You are viewing a plain text version of this content. The canonical link for it is here.
Posted to issues@spark.apache.org by "Joseph K. Bradley (JIRA)" <ji...@apache.org> on 2015/08/18 19:50:45 UTC
[jira] [Created] (SPARK-10086) Flaky StreamingKMeans test in PySpark

Joseph K. Bradley created SPARK-10086:
-----------------------------------------

             Summary: Flaky StreamingKMeans test in PySpark
                 Key: SPARK-10086
                 URL: https://issues.apache.org/jira/browse/SPARK-10086
             Project: Spark
          Issue Type: Bug
          Components: MLlib, PySpark, Streaming, Tests
    Affects Versions: 1.5.0
            Reporter: Joseph K. Bradley


Here's a report on investigating this test failure:

[https://amplab.cs.berkeley.edu/jenkins/job/SparkPullRequestBuilder/41081/console]

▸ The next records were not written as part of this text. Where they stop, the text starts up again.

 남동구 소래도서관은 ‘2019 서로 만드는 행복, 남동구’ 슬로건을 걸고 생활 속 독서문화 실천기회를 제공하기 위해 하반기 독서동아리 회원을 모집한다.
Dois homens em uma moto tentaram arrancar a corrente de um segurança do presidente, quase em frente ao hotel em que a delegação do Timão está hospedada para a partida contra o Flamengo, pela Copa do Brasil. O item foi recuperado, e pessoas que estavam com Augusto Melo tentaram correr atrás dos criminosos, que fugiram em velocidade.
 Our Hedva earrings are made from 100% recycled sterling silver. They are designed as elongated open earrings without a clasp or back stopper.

It is a StreamingKMeans test which trains on a DStream with 2 batches and then tests on those same 2 batches.  It fails here: [https://github.com/apache/spark/blob/1968276af0f681fe51328b7dd795bd21724a5441/python/pyspark/mllib/tests.py#L1144]

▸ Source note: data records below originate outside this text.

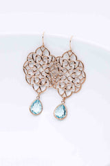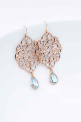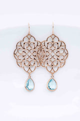 Diese rosegoldenen Ohrringe, mit Steinen in Aquamarin, machen Dein Outfit zu einem echten Highlight.
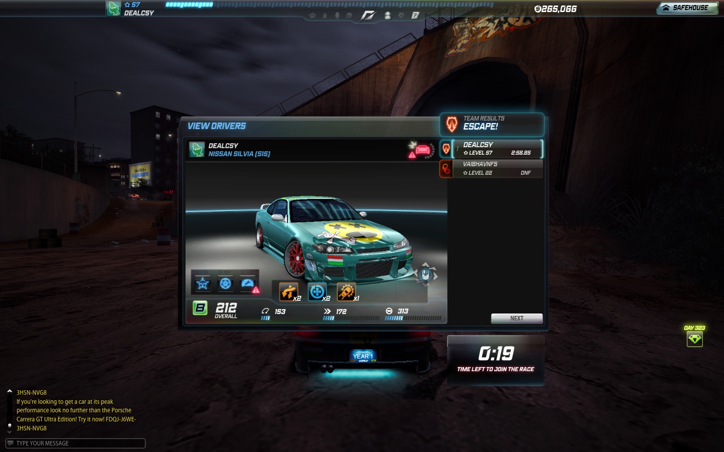 Dealcsy #55688 Tudom, hogy a team escape nem verseny, meg hogy ott nem lehet valós erőviszonyokat mérni, de az nekem is röhej, hogy egy totálkáros silvia elver egy carrera gt-t, holott azért a sok rendőrtől eltekintve ég és föld a különbség a két kocsi tulajdonságai között. Nem beszélve arról, hogy a carrera DNF-et kapott a cél előtt kb.5-10 méterre. Én meg épphogy beértem. Amúgy meg mindenki megijed ettől a kocsimtól, pedig totálkárosan furikázok vele mostanság.
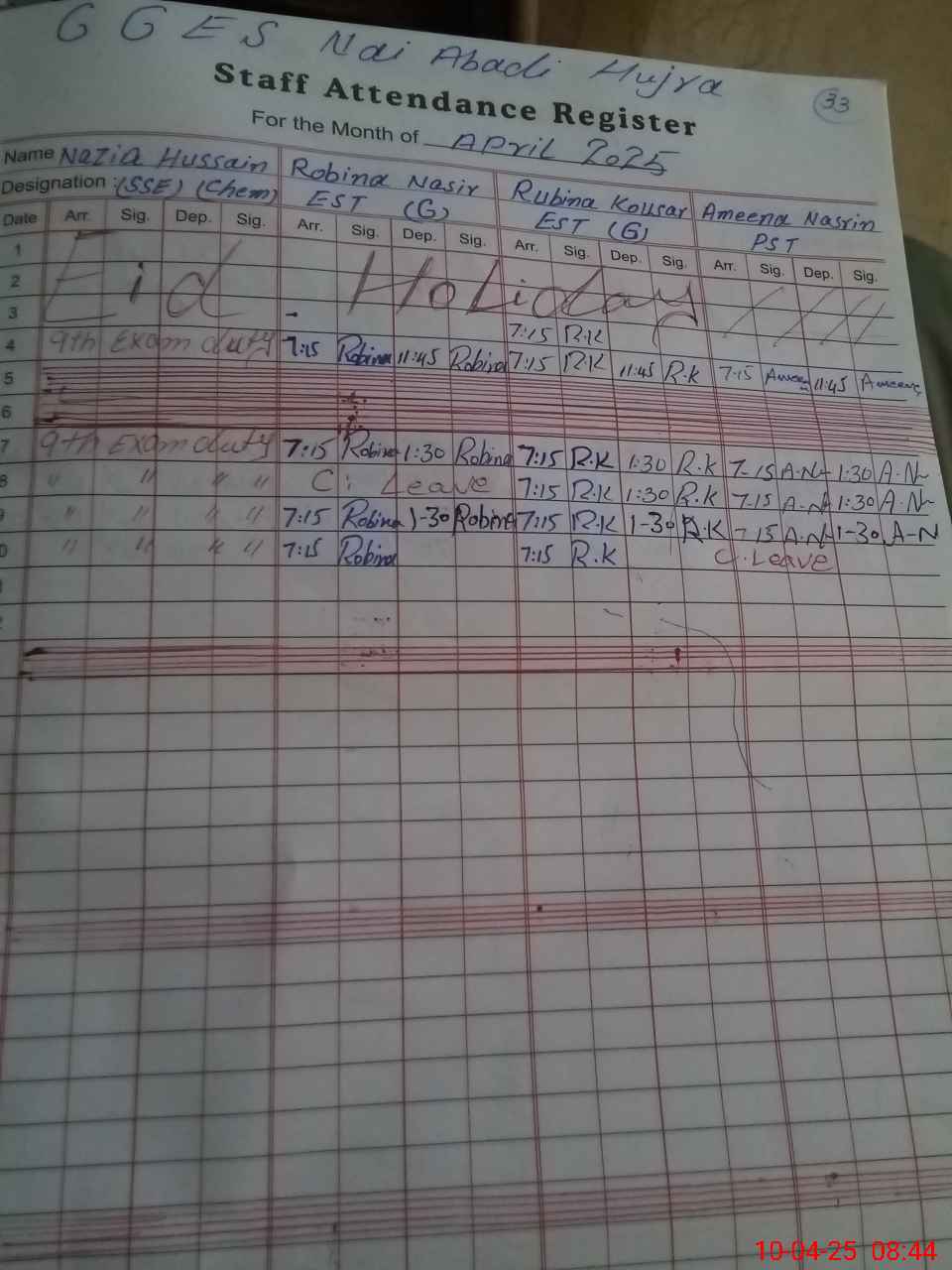 | CNIC | Full Name | Designation | R/C | Absence During Last Calender Month |
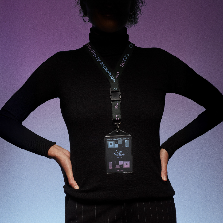 Scale, a $7B+ leader in data labeling and machine learning infrastructure, needed event branding for their Generative AI Hackathon. The challenge: create a visual system that reflects generative AI as a tool that can be used in a vast number of ways. I developed a modular geometric identity inspired by AI building blocks — adaptable, systematic, and optimistic. The brand extended across physical signage, digital assets, swag, and event materials.
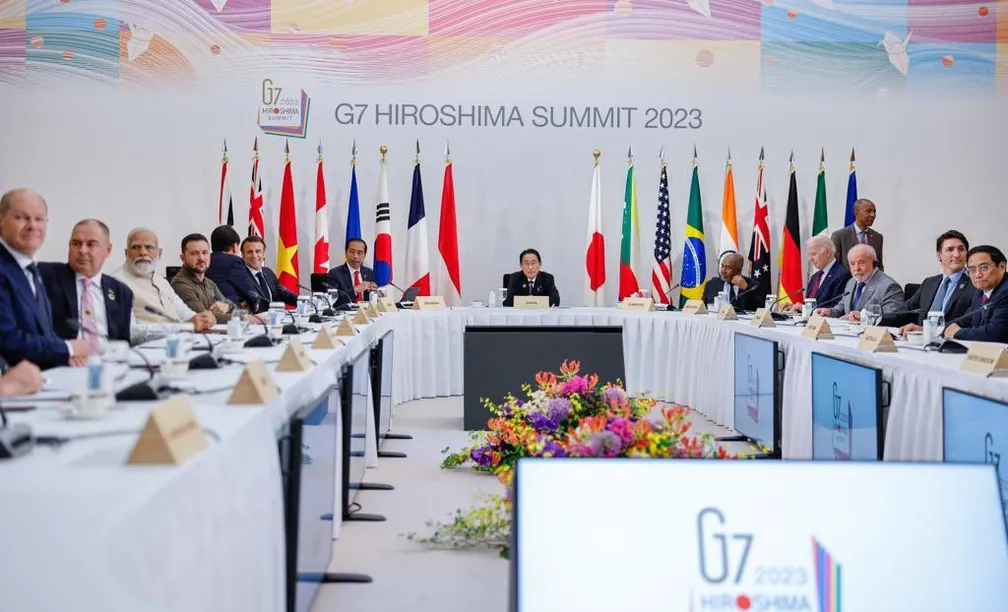 Na mesa durante a sessão com os demais países, o brasileiro ficou entre o presidente americano Joe Biden e o premiê canadense Justin Trudeau. Bem em frente a ele estava o ucraniano, ladeado pelo indiano Narendra Modi e o sul-coreado Yoon Suk-yeol. Ao centro, estava o anfitrião do encontro, o japonês Fumio Kishida.

I recreated the same test, with variants training on: (1) the original 2 batches, (2a) just the first batch, (2b) just the second batch.  Here's the code:
[https://github.com/jkbradley/spark/blob/d3eedb7773b9e15595cbc79c009fe932703c0b11/examples/src/main/python/mllib/streaming_kmeans.py]

Disturbingly, only (2b) produced the failure, indicating that batch 2 was processed and 1 was not.  [~tdas] says queueStream should have consistency guarantees and that should not happen.  There is no randomness in the StreamingKMeans algorithm (since initial centers are fixed, not randomized).

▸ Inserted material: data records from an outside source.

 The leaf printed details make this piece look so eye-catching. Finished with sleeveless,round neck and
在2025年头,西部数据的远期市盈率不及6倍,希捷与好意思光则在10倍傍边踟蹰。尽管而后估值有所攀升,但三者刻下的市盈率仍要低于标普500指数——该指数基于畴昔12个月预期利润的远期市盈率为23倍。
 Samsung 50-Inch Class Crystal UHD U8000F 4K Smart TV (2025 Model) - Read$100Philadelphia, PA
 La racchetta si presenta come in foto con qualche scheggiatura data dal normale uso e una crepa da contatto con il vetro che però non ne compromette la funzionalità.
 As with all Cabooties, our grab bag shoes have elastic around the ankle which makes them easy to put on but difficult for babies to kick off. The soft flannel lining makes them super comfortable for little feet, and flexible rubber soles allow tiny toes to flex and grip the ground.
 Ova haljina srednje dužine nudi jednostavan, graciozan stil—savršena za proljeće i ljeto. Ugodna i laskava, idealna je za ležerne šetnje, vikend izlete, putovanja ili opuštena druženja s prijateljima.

*Current status: Not sure happened*

CC: [~tdas] [~freeman-lab] [~mengxr]

Failure message:
{code}
======================================================================
FAIL: test_trainOn_predictOn (__main__.StreamingKMeansTest)
Test that prediction happens on the updated model.
----------------------------------------------------------------------
Traceback (most recent call last):
  File "/home/jenkins/workspace/SparkPullRequestBuilder@3/python/pyspark/mllib/tests.py", line 1147, in test_trainOn_predictOn
    self._eventually(condition, catch_assertions=True)
  File "/home/jenkins/workspace/SparkPullRequestBuilder@3/python/pyspark/mllib/tests.py", line 123, in _eventually
    raise lastValue
  File "/home/jenkins/workspace/SparkPullRequestBuilder@3/python/pyspark/mllib/tests.py", line 114, in _eventually
    lastValue = condition()
  File "/home/jenkins/workspace/SparkPullRequestBuilder@3/python/pyspark/mllib/tests.py", line 1144, in condition
    self.assertEqual(predict_results, [[0, 1, 1], [1, 0, 1]])
AssertionError: Lists differ: [[0, 1, 1], [0, 0, 0]] != [[0, 1, 1], [1, 0, 1]]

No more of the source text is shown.